MarkFL said:My solution:
We are given the objective function:
\(\displaystyle f(s,t,u,v)=st+tu+uv\)
Subject to the constraint:
\(\displaystyle g(s,t,u,v)=s+t+u+v-63=0\)
Applying Lagrange multipliers, we obtain the system:
\(\displaystyle t=\lambda\)
\(\displaystyle s+u=\lambda\)
\(\displaystyle t+v=\lambda\)
\(\displaystyle u=\lambda\)
From this, we readily see $t=u$ and then $s=v=0$. Using the constraint, we then find:
\(\displaystyle 2t=63\implies t=u=\frac{63}{2}=31.5\)
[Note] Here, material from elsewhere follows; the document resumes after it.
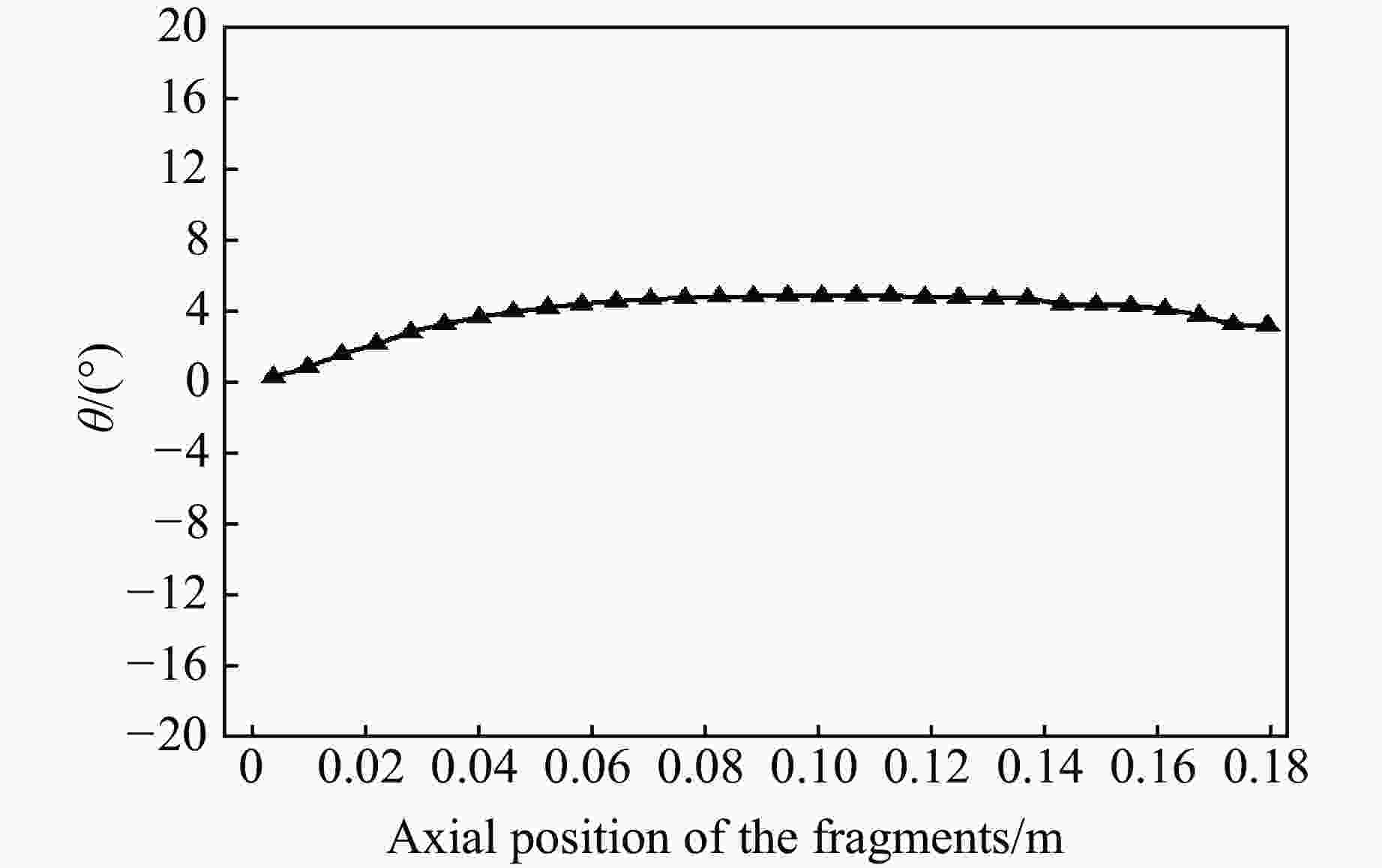 图  由Shapiro公式得到的飞散角沿装药轴线方向的分布

Since we require the variables to be positive integers, let $(s,t,u,v)=(1,30,31,1)$ (or equivalently $(s,t,u,v)=(1,31,30,1)$) as these permutations are the closest to the real number maximum, then we find:
\(\displaystyle f_{\max}=f(1,30,31,1)=1\cdot30+30\cdot31+31\cdot1=30+930+31=991\)
anemone said:If $s,\,t,\,u,\,v$ are positive integers with sum $63$, find the maximum value of $st+tu+uv$.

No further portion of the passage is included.